• Task item: For this exercise, copy exactly only the lines from the one containing "anzeigen | |" to the final line of the material below, without the pictures.

• Dataset records:
* * * * * * *

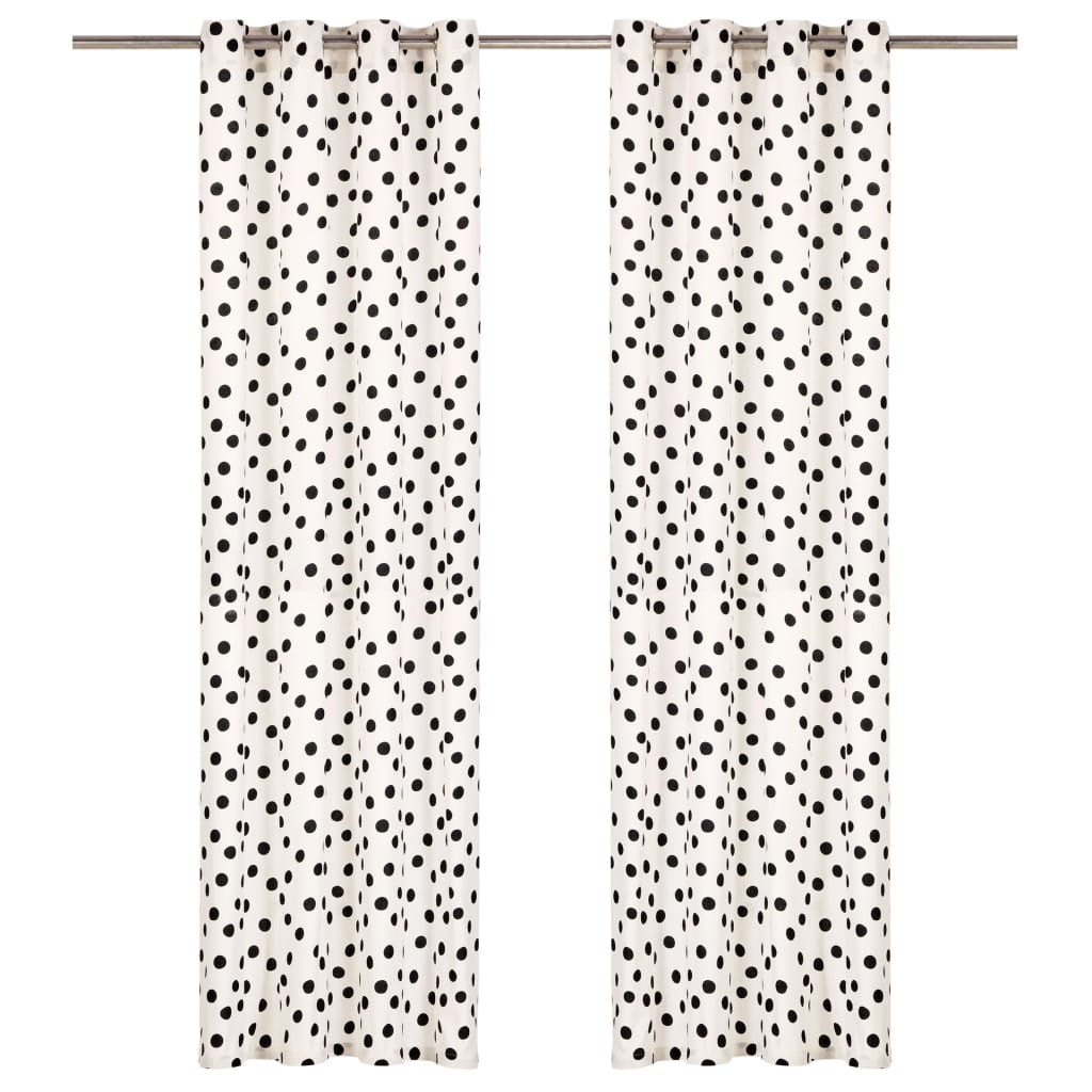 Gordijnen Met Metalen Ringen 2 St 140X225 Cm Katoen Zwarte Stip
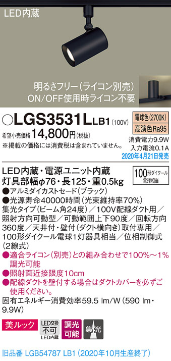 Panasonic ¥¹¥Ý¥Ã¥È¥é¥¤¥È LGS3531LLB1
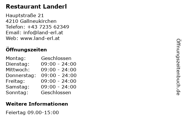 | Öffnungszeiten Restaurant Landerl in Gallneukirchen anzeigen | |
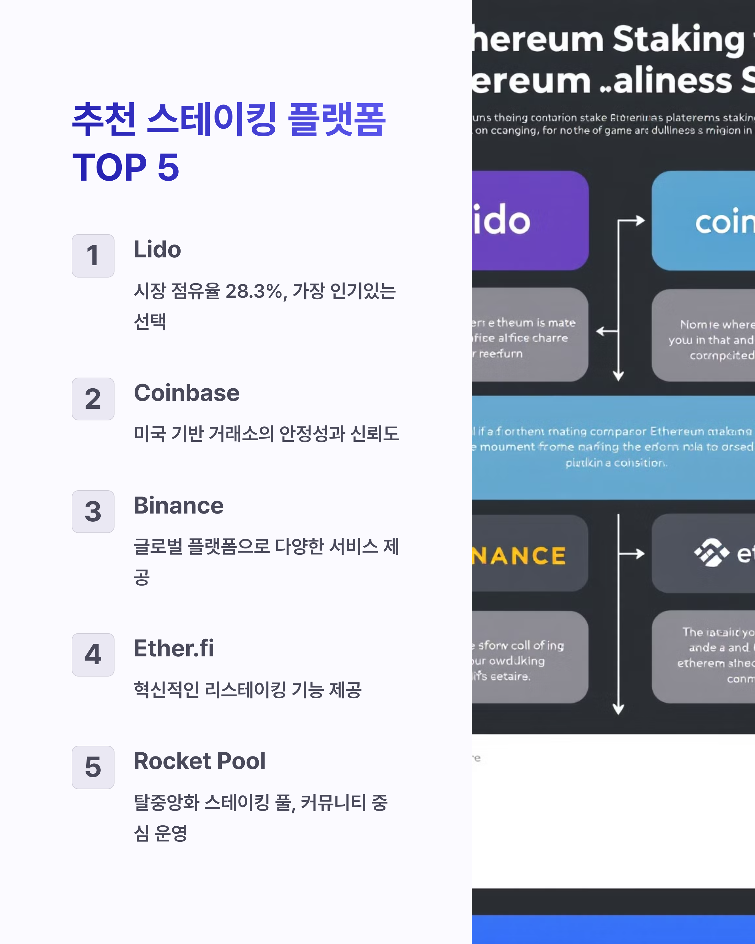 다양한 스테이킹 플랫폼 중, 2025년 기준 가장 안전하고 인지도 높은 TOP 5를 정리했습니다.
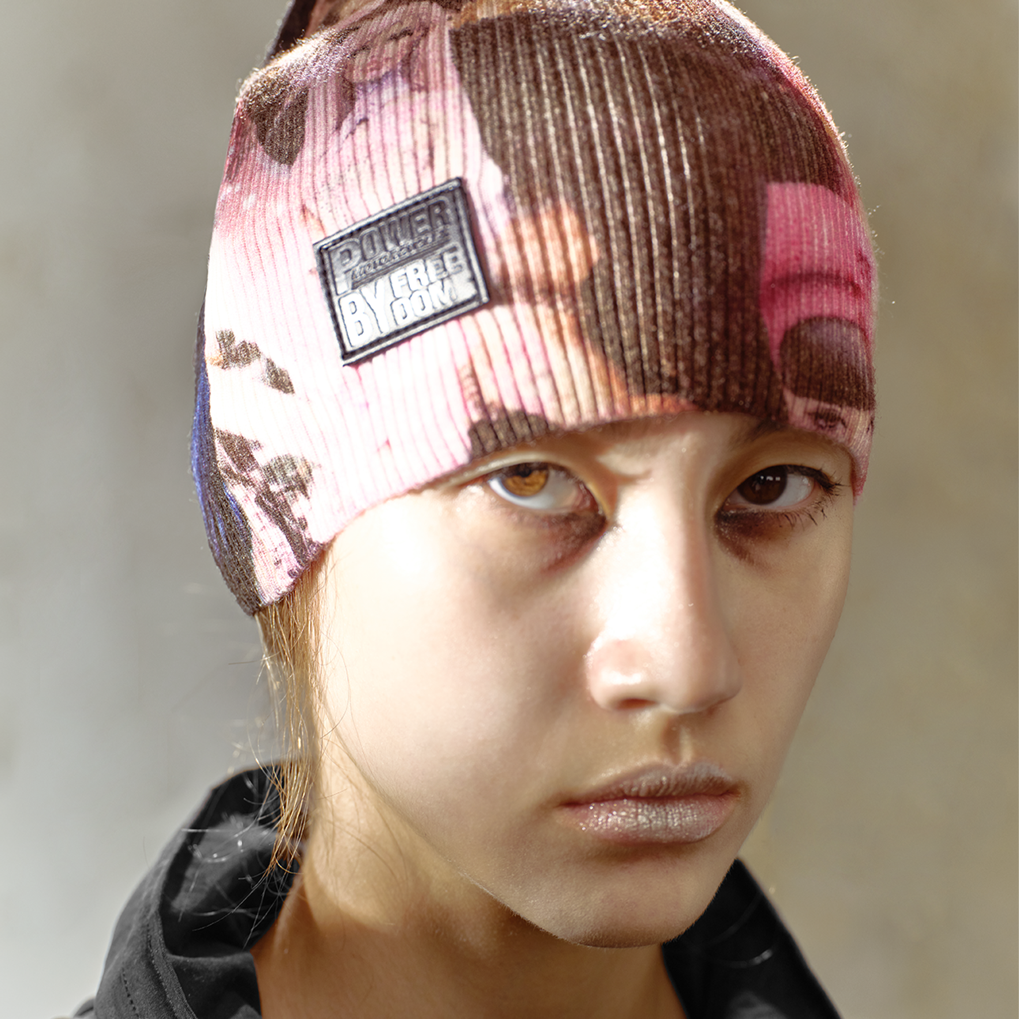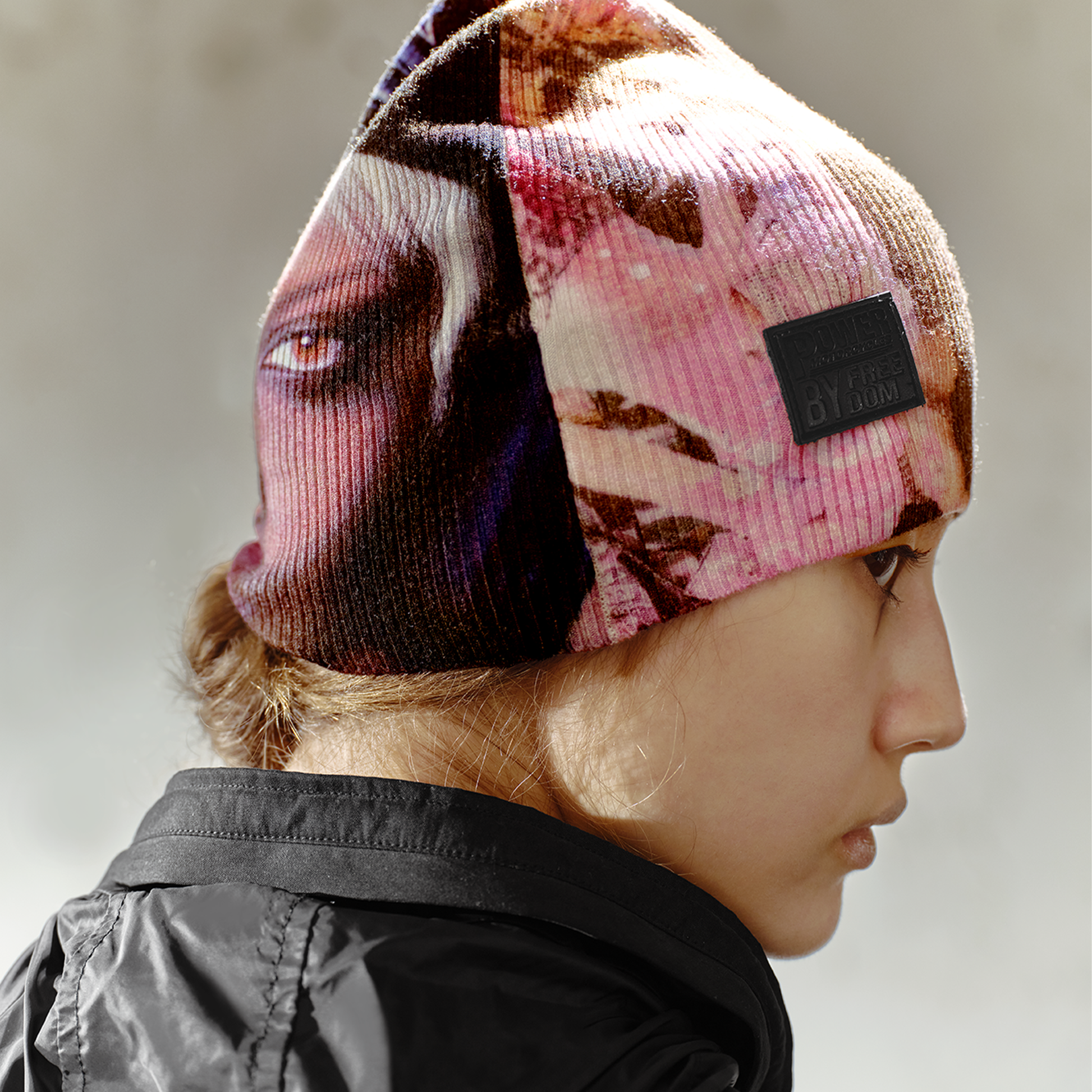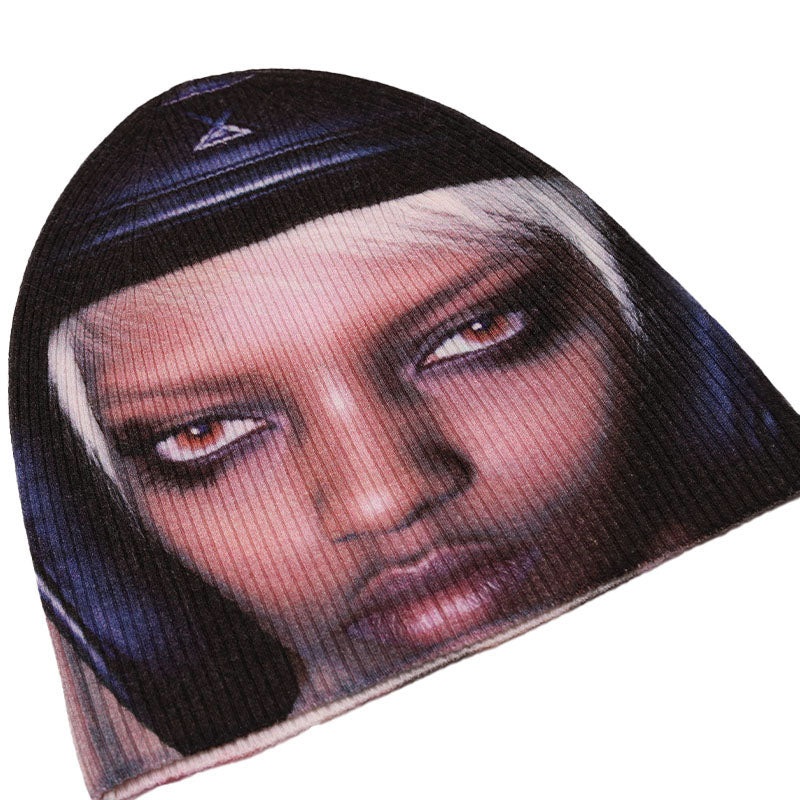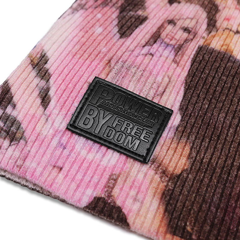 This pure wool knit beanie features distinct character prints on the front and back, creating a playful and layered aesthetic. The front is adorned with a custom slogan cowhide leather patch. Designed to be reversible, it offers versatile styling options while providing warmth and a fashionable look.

* * * * * * *

• Answer for this exercise:
 | Öffnungszeiten Restaurant Landerl in Gallneukirchen anzeigen | |
 다양한 스테이킹 플랫폼 중, 2025년 기준 가장 안전하고 인지도 높은 TOP 5를 정리했습니다.
 This pure wool knit beanie features distinct character prints on the front and back, creating a playful and layered aesthetic. The front is adorned with a custom slogan cowhide leather patch. Designed to be reversible, it offers versatile styling options while providing warmth and a fashionable look.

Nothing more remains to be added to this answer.